Слушая эту проповедь, я задумался не о том, правдивы или нет слова Пирса, а о том, почему после стольких бед я не ощущаю никакой злобы. Огорчен, разочарован, испуган, грустен — да. Но не озлоблен. Поэтому, воздержавшись от оценки обличительной речи Пирса, направленной против Стюартов, я воскликнул: «Скажи, Пирс, почему я не чувствую злобы?»
— Называй меня Джон.
— Хорошо. Почему я не чувствую злобы, Джон?
— Потому что ты — дитя.
— Прости, не понял?
— Ребенок, наказанный эгоистичными родителями, не чувствует на них злобы. Он идет в свой тайный уголок и там плачет. Так ты и поступил. Но стоит родителям поманить его, и он бежит к ним, радуясь, что его простили за проступок, который он совершал только в ответ на их душевную скупость.
— Но, Пирс…
— Ты тоже побежишь, если король позовет тебя!
— Он не позовет.
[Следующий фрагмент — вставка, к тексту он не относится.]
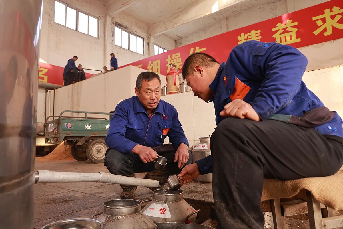 亢吉忠,22年扎營釀酒車間,狠練基本功,創新摸索“10厘米壓氣裝甑法”,避免了跑汽損失,發明了“斷氣蒸餾法”,極大提高了原酒品質,2021年6月摘得德州市第七屆職業技能大賽白酒釀造“裝甑、摘酒”技能賽第一名,榮獲“德州市技術能手”和“德州市五一勞動標兵”稱號;畢樹青,28年釀酒如一日,精通穩準配料、探汽裝甑、量質摘酒、按質并壇、蒸煮糊化等各個環節,多次奪得公司釀酒技術比武第一名,不但被授予“山東省輕工行業、山東省釀酒行業技術能手”榮譽稱號,還承擔起釀酒技術、大曲培養等培訓和實操工作,為青年骨干的培養貢獻了力量。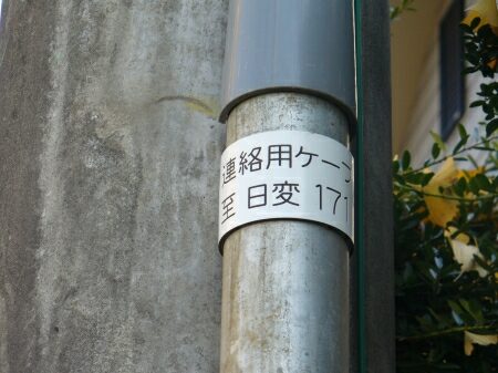 引き下げ線の電線管には「連絡用ケーブル」と書かれています。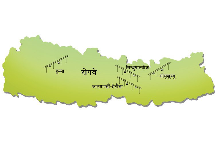 \"\"काठमाडौं, २२ माघ । सरकारले हेटौंडा-मातातीर्थ रोपवे पुनःसञ्चालन गर्न तयारी थालेको छ । भौतिक निर्माण तथा यातायात मन्त्रालयका सचिव धनबहादुर तामाङले हेटौंडादेखि मातातीर्थसम्मको ४२.३ किलोमिटरको यो रेपवे (रञ्जुमार्ग) फेरि सञ्चालन गर्न आवश्यक तयारी थालिएको जानकारी दिए । उनका अनुसार सञ्चालन मोडालिटीका सम्बन्धमा छलफल सुरु भएको छ । अाजको अन्नपूणर्ण पोस्टमा खबर छ– तत्कालीन राणा प्रधानमन्त्री चन्द्र शमशेरले सन् १९२७ मा धुर्सिङदेखि मातातीर्थसम्मको २२ किलोमिटर रोपवे सञ्चालनमा ल्याएका थिए । यो रोपवे २०५४ सालदेखि बन्द छ । यसलाई राणकालीन यातायात साधनका रूपमा लिइन्छ । प्रतिघन्टा आठ टन सामान बोक्ने यो रोपवेलाई १९६४ मा विस्तार गरेर हेटौंडादेखि मातातीर्थसम्मको ४२ किलोमिटरको दूरीमा सञ्चालनमा ल्याएको थियो । रोपवे सञ्चालनको दूरी बढेसँगै यसको क्षमता पनि २५ टन पुगेको थियो । सञ्चालनका लागि रोपवे नेपालले आवश्यक अध्ययनसमेत थालिसकेको छ । स्विस कम्पनीको प्राविधिक सहयोग र भारतीय कम्पनी हिम केबलवेजसँगको सहकार्यमा अध्ययन थालिएको रोपवे नेपालका अध्यक्ष गुणराज ढकालले जानकारी दिए । ढकालका अनुसार कम्पनीले पहिलेको अवस्था, सञ्चालनको आवश्यकता र यसको महत्वबारेमा अध्ययनप्रतिवेदन तयार पार्नेछ । पुनःसञ्चालन सम्भावना, यसलाई सञ्चालन गरेर लिन सकिने लाभसहितको पूर्ण अध्ययन प्रतिवेदन तयार पार्दासम्म करिब २० लाख रुपैयाँ खर्च लाग्ने अनुमान रोपवे नेपालको छ । दक्षिण एसियाकै पहिलो रोपवे नेपालको ऐतिहासिक महत्व बोकेको र सडक मार्गको तुलनामा ढुवानीमा निकै सस्तो एवं लोकप्रिय रहेकैले पनि पुनःसञ्चालनको सम्भावना रहेको ढकालको बुझाइ छ । रोपवे नेपालले एक महिनादेखि अध्ययनको काम सुरु गरिसकेकाले आगामी चार महिनाभित्रमा प्रतिवेदन बुझाउने उल्लेख छ । सगरमाथा रोपवे एक वर्षभित्रै सोलुखुम्बुको लुक्लाबाट नाम्चेसम्मको १२ किलोमिटरमा सञ्चालन हुने सगरमाथा रोपवे आगामी एक वर्षभित्रमा सञ्चालनमा आउने भएको छ । रोपवे नेपालले गरेको एक अध्ययनबाट यो स्थानमा रोपवे सञ्चालनको सम्भावना देखिएकाले काम अगाडि बढाउन लागिएको हो । सगरमाथा आरोहणमा जाने र आउने पर्यटक तथा स्थानीयको सुविधाका लागि यो रोपवे सञ्चालन गर्न लागिएको सगरमाथा रोपवेका अध्यक्ष एवं पर्यटन व्यवसायी निमानुरु शेर्पाले बताए । उनका अनुसार दुई हजार केजी क्षमतासम्मको हुने यो रोपवेमा दुईवटा गोन्डोला (सामान बोक्ने डिब्बा) सञ्चालन हुनेछन् । स्थानीयलाई न्यून दरमा सेवा दिने र पर्यटन प्रवद्र्धन तथा स्थायित्वका लागि रोपवे निकै प्रभावकारी हुने अनुमान शेर्पाको छ । यो रोपवे निर्माणमा भारतीय प्रणाली अपनाउँदा करिब ५० करोड र युरोपेली प्रणाली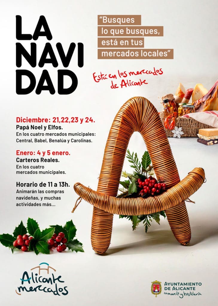 El Ayuntamiento a su vez ha organizado en los mercados unas jornadas de dinamización comercial con visitas con Papá Noel y los Elfos, el 21,22, 23 y 24 en los cuatro mercados Central, Babel, Benalúa y Carolina. Así como también recibirán la visita de las carteras reales, el 4 y 5 de enero en todos los mercados para que los más pequeños lleven las cartas y sus deseos. Todas estas actividades serán de 11 a 13 horas y animarán las compras en estas señaladas fechas.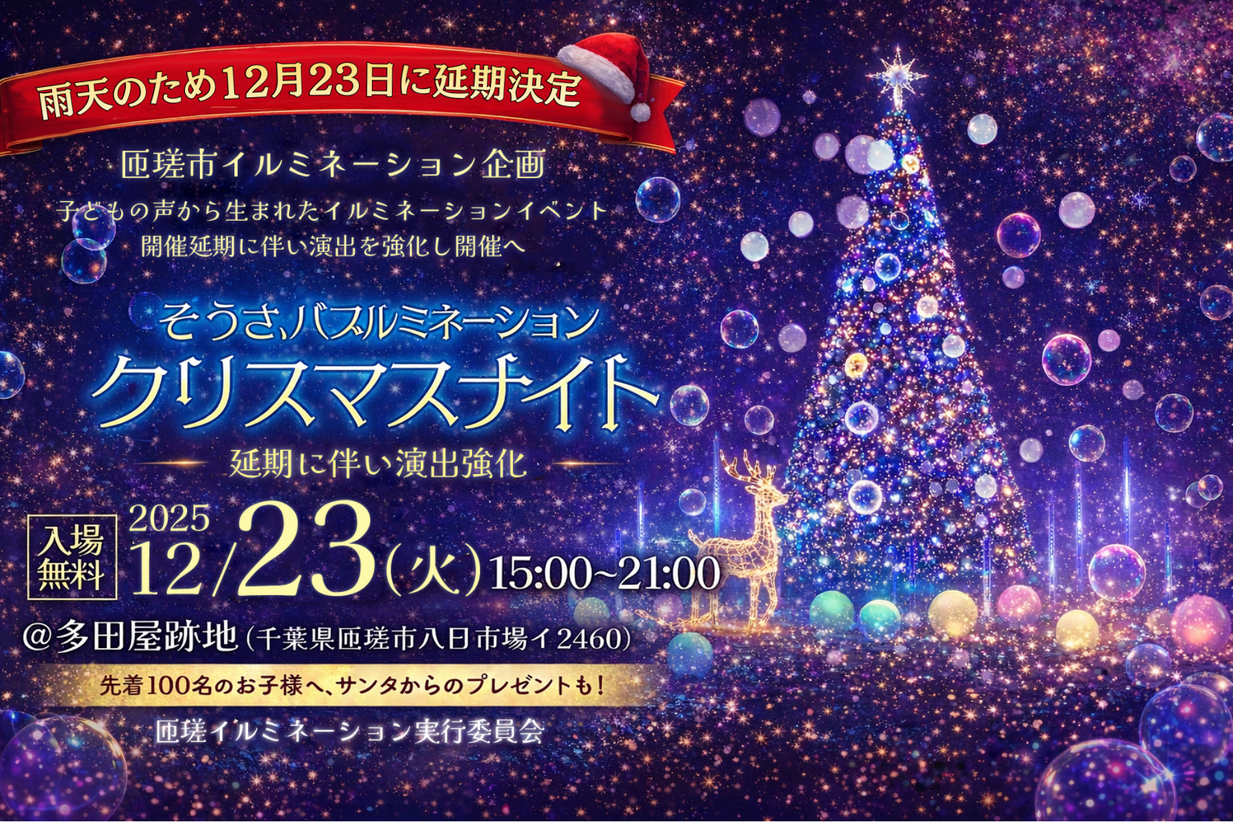株式会社ファーストイノベーション(本社:東京都中央区晴海3-13-1 DEUX TOURS EASTタワー52F、代表取締役社長:木ノ根雄志)ならびに、官民連携の地方創生団体 一般社団法人つながり応援(理事長:清水国明、副理事長:木ノ根雄志・梶川隆史)は、2025年12月21日(日)に開催を予定していた地域イルミネーションイベント「そうさ バブルミネーション クリスマスナイト」について、当日の天候不良が予想されることから、来場者の安全を最優先に考え、12月23日(火)へ延期することを決定しました。

Все кончено.
— Пусть так. Но если б позвал, ты бы вернулся. Эта твоя черта открыла мне, что ты все еще ребенок, Роберт. К счастью, бездомность привела тебя в «Уитлси». Наша задача — излечить тебя от инфантильности, подобно тому, как мы лечим наших пациентов от психических болезней. Ведь ты можешь быть прекрасным человеком, Роберт. Я уже видел его очертания — перед тем, как ты предпочел вернуться в детство, — вот этого человека мы и возродим в тебе.
Я посмотрел на лежащего внизу Пирса. Рядом с ним, на расстоянии вытянутой костлявой руки, лежал его драгоценный половник. И я улыбнулся.
После этой ночи Пирс никогда больше не стремился обсуждать мою прошлую жизнь и ее печальный финал. Он хотел, чтобы я как можно скорее выбросил все случившееся из головы, и потому со следующего дня (в течение которого мне выдали уже описанную мной мрачную одежду) я стал выполнять ту же работу, что и все остальные, словно тоже был квакером. «У Роберта хорошая квалификация, — сказал Пирс Амбросу, Эдмунду, Ханне, Элеоноре и Даниелу, когда мы ели за завтраком ячменную кашу на воде. — Он не привередливый и не слабый. По его словам, он забыл медицинскую науку, но это не так. Так что возблагодарим Бога за то, что Он послал нам Роберта, попросим Его поддержать нашего нового Друга и помочь в той работе, которую ему поручат».
Последовавшие за этим молитвы отличались трогательной простотой. «Господи, просвети Роберта!» — попросил Амброс. «Дорогой Иисус, пребудь всегда с Робертом!» — продолжила Элеонора. «Боже на небесах, не оставь Роберта!» — сказала Ханна. «И в ночи не оставь его», — добавил Даниел. «Аминь!» — закончил Эдмунд.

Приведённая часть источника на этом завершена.